For Automatic Data Processing (NASDAQ:ADP) fair valuation is something that investors in the stock who also expect it to increase substantially from current levels may not want to admit. According to our observations ADP looks extremely overvalued and material concerns exist.
First, earnings have not been growing at a stellar rate, and our observations of the yearly earnings growth rate for ADP suggest that current growth is 3%, a growth rate lower than the company has seen since before 2011.
In addition, quarterly revenues have begun to decline measurably and revenues for ADP have not been this low since the third quarter of 2011 either.
This combination of deteriorating revenue and lackluster earnings can become a major concern, especially when the stock's price increases relentlessly.
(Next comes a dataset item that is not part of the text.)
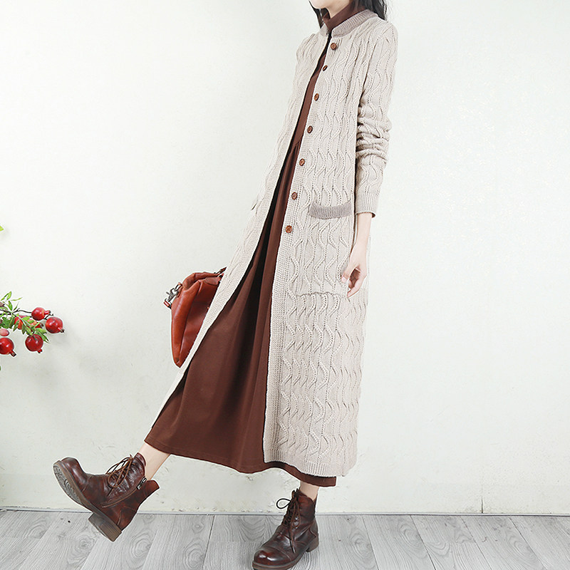 文艺范大毛衣外套秋季中长款立领显瘦针织开衫气质外搭宽松森女系

In fact, at current levels shares of ADP have a peg ratio over 9.
According to our real time trading report for ADP the stock is near the level of longer-term resistance and by rule we would be Sellers and potential short Sellers of the stock near longer-term resistance levels. Our technical observations suggest that the stock can fall from resistance to support.
According to our fundamental observations, ADP looks significantly overvalued based on its earnings and revenue trajectory, its peg ratio is enormous, and the stock is very close to a level of longer-term resistance. We would be Sellers and/or short Sellers of the stock accordingly.